14 shows a CPU for controlling a memory unit 30. FIG.
13 is a flowchart illustrating a processing procedure of No. 3;

FIG. 15 is a flowchart showing a memory capacity identification processing procedure included in the image memory writing processing (# 64) of FIG.

FIG. 16 is a flowchart showing a processing procedure for transferring image data to an external device in FIG. 15 (# 630).

FIG. 17 is a flowchart illustrating a processing procedure of a first modification of transferring image data to an external device.

FIG. 18 is a flowchart illustrating a processing procedure of a second modification of transferring image data to an external device.

FIG. 19 is a flowchart illustrating a processing procedure according to a third modification of transferring image data to an external device.

20 is a flowchart showing a processing procedure for returning image data included in the image memory read processing (# 67) of FIG.

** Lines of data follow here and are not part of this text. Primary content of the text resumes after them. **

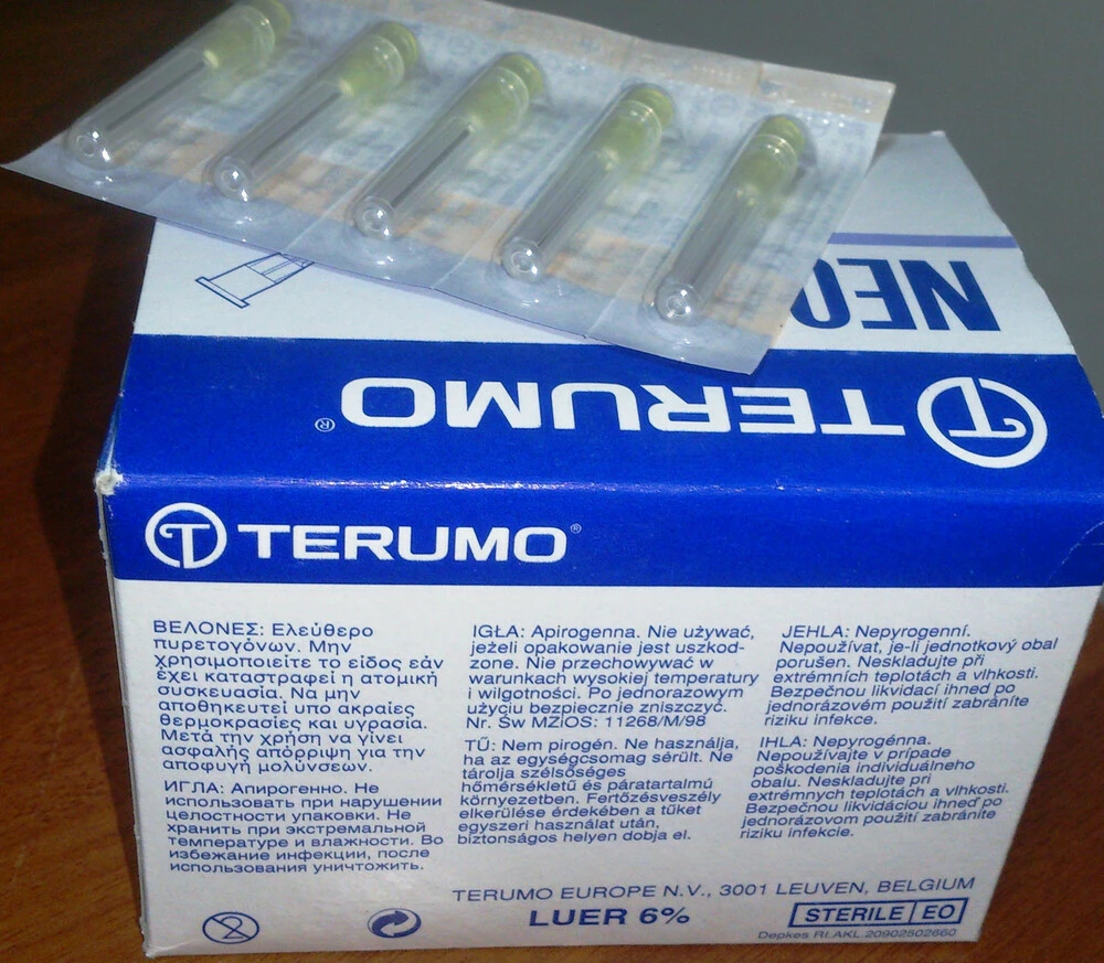 соприкосновении с одноразовыми иглами Terumo остаются целыми и
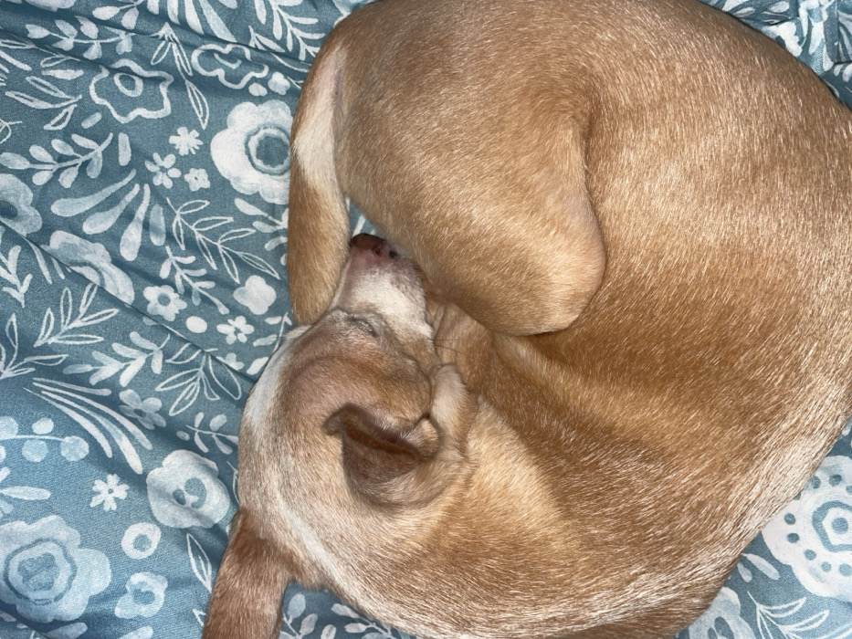 - "A light brown, short-haired dog is depicted curled into a tight sleeping position on a blue-green patterned textile" by FM-S3I4c2, licensed under CC BY 4.0
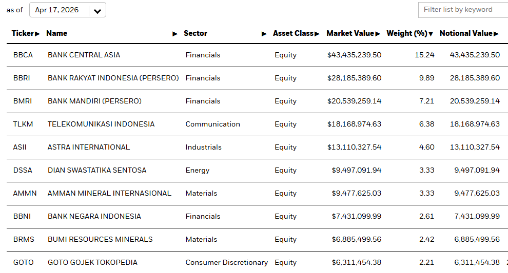 Bisa perhatikan di sini untuk deretan saham MSCI dengan porsi terbesar:

FIG. 21 is a flowchart illustrating a processing procedure of a first modification of returning image data.

FIG. 22 is a flowchart illustrating a processing procedure of a second modification of returning image data.

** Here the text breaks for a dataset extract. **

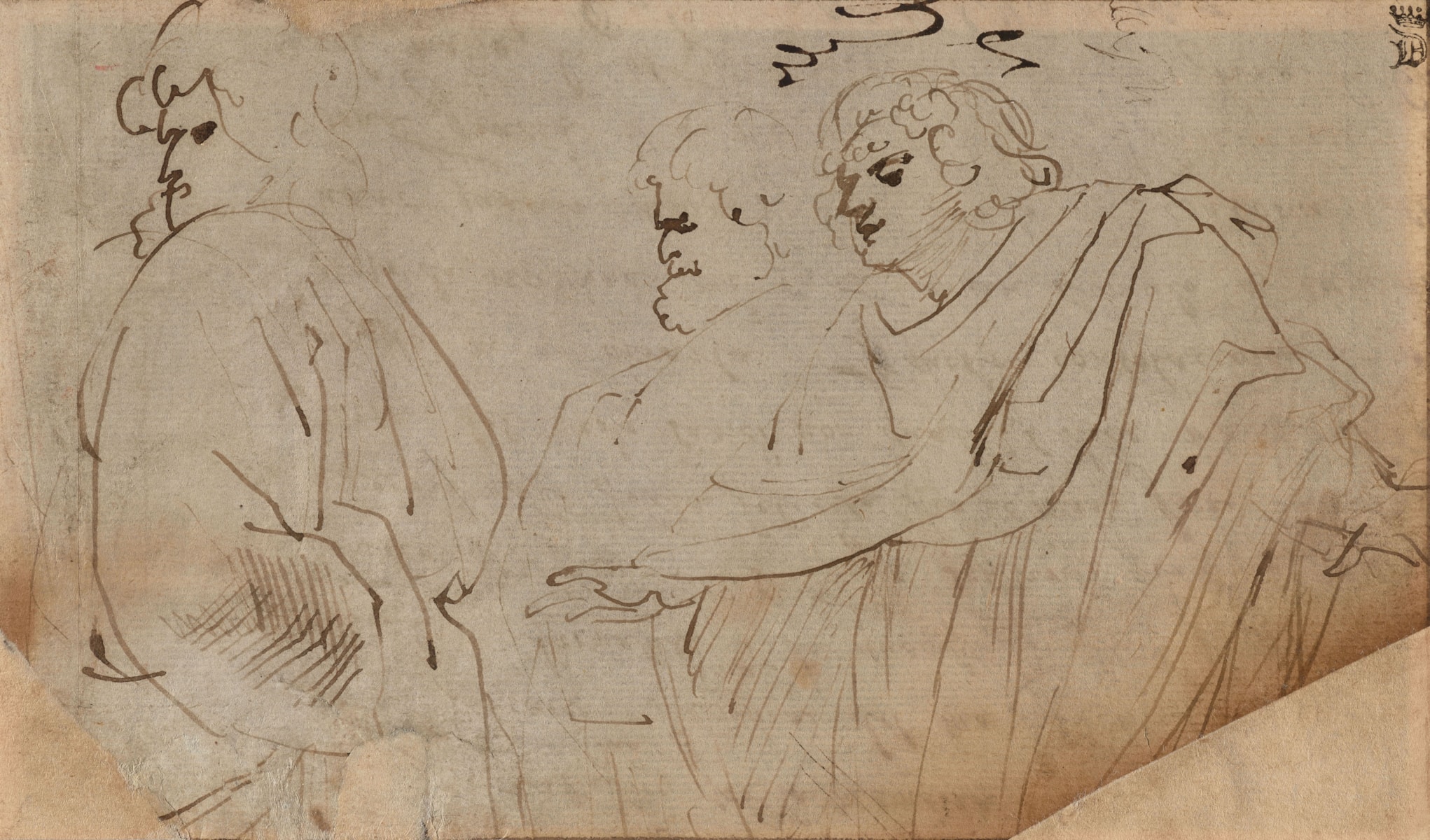 In 1600, Peter Paul Rubens, a promising yet unproven artist, left Flanders for the Italian peninsula where he would spend the following eight years. He travelled firstly to Venice, before settling in Mantua where he was employed at the court of Vincezo I Gonzaga, Duke of Mantua. With Gonzaga’s support, Rubens spent time in Rome, Genoa and Valladolid in Spain, and from late 1605 until late 1608 he acted as the duke’s agent in Rome sourcing art for the ducal collections. This double-sided sheet, with a confident and laconic study of three figures on the recto and a letter dated to September 1607 on the verso, attests both to Rubens’ growing confidence in his graphic skill and to his courtly role with the Gonzaga. The verso contains a fragmentary draft of a letter which does not survive, used to rehearse Rubens’ wording. The letter consists of a courteous message to a painter who is carrying out a commission for the Duchess of Mantua, Eleonora de' Medici. The intended recipient has been convincingly identified Cristoforo Roncalli, il Pomarancio (1551/2–1626), with whom Rubens was close at the time, as attested by his surviving correspondence with Annibale Chieppio (1563–1623), Duke Vincenzo Gonzaga's secretary of state in Mantua. Pomarancio had been commissioned to paint a work for the private chapel of the duchess, and the negotiations proved to be Rubens’ final assignment from the Gonzaga, precipitating the souring of relations and his return to Flanders.

FIG. 23 is a flowchart illustrating a processing procedure of a third modification of returning image data.

FIG. 24 is a block diagram showing an internal configuration of the controller 4.

FIG. 25 is a flowchart showing a memory capacity identification processing procedure included in the image memory writing processing (# 64) of FIG. 14;

26 is a flowchart showing a processing procedure for confirming an external device on the network in FIG. 25 (# 621).

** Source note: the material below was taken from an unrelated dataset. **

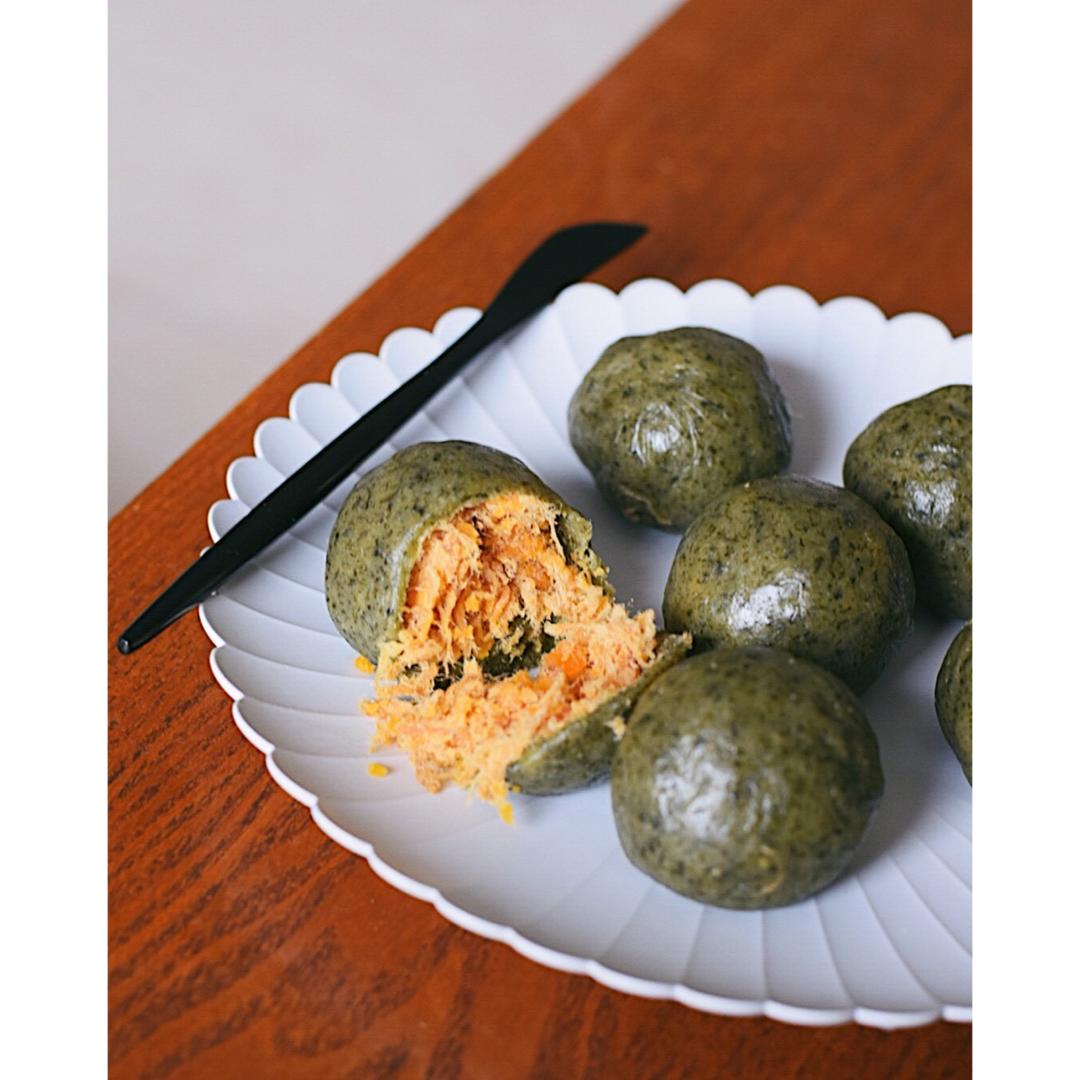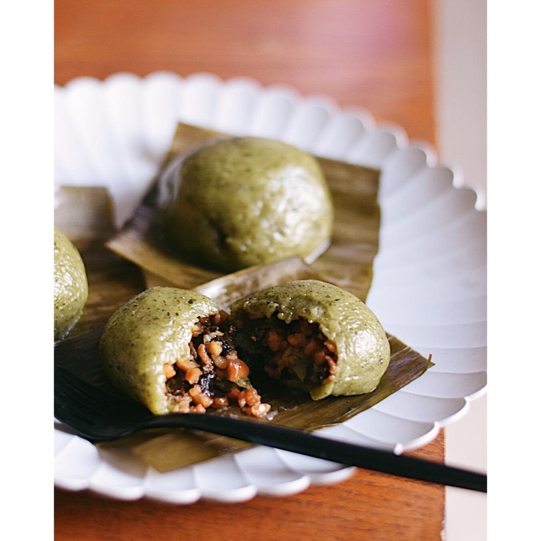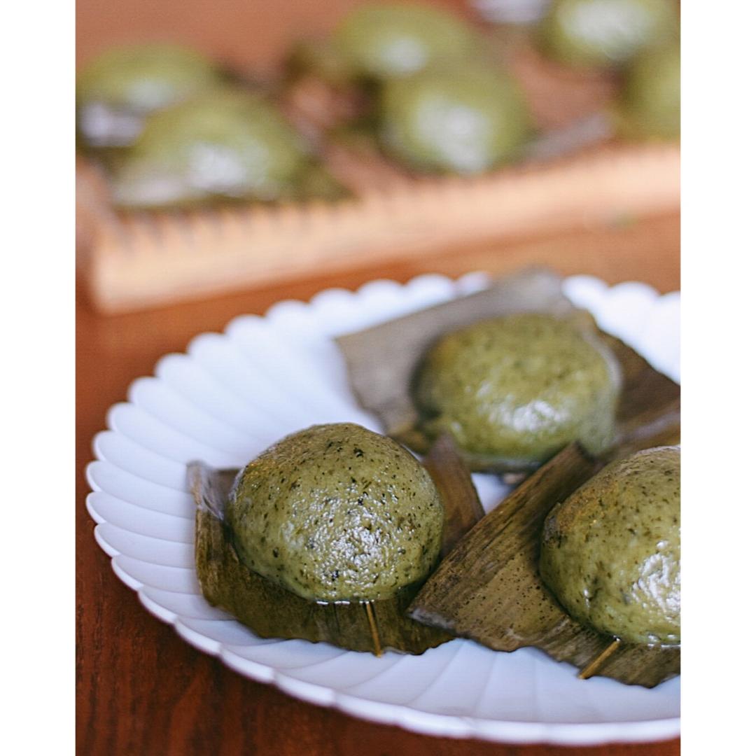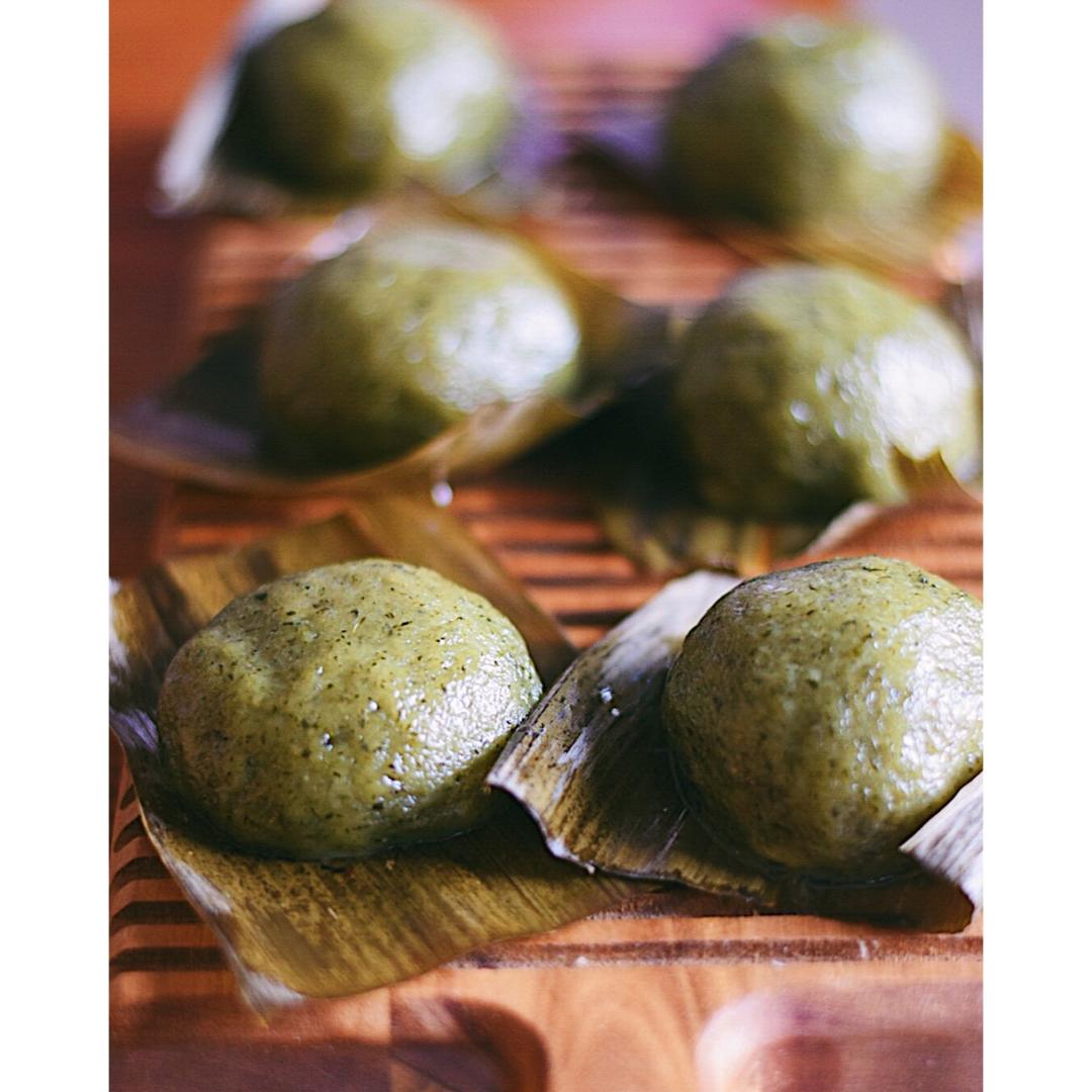 把包粽子剩下的叶子拿来垫青团了~~

FIG. 27 is a flowchart illustrating a processing procedure of a modification of the external device check.

[Explanation of symbols]

 DESCRIPTION OF SYMBOLS 1 Copier 2 Reading part 3 Printing part 4, 4 'controller 5 Computer 10 Scanning system 20 Image signal processing part 30 Memory unit part 40 Print processing part 50 Laser optical system 70 Image forming system 101-107 CPU 111-117 ROM 121- 127 RAM 500 Document feeder 600 Refeed unit

Claims (6)

[Claims] A reading unit for reading an image of a document; a storage unit for storing image data output from the reading unit; a management unit for managing a free space of the storage unit; A communication unit for communicating image data with the device, and transmitting the image data to an external device via the communication unit when the management unit recognizes the lack of free space in the storage unit, A control unit for receiving image data transmitted to an external device via the communication unit when the management unit recognizes that the free space of the storage unit is sufficient. 2. The control unit according to claim 1, wherein said management unit checks a state of an external device by said communication unit when said management unit recognizes a shortage of free space in said storage unit, and determines whether an external device capable of transmitting said image data is available. When it is determined that the image data exists, the image data is transmitted to the external device via the communication unit.If the management unit recognizes that the storage unit has a free space, the communication unit 2. The image forming apparatus according to claim 1, wherein the state of the external device is confirmed, and when it is determined that the image data can be received, the image forming apparatus receives the image data transmitted to the external device via the communication unit. 3. The control means, when the management means recognizes that the storage means has free space, and satisfies a predetermined condition for forming an image of the transmitted image data, The image forming apparatus according to claim 1, wherein the image forming apparatus receives the image data transmitted through the communication unit. 4. The image forming apparatus according to claim 1, wherein the image data transmitted to the external device by the communication unit is image data stored in a storage unit. 5. The image forming apparatus according to claim 1, wherein the image data transmitted to the external device by the communication unit is image data of a document currently read by the reading device. 6. The image forming apparatus according to claim 4, wherein the image data stored in the storage unit is image data of one job.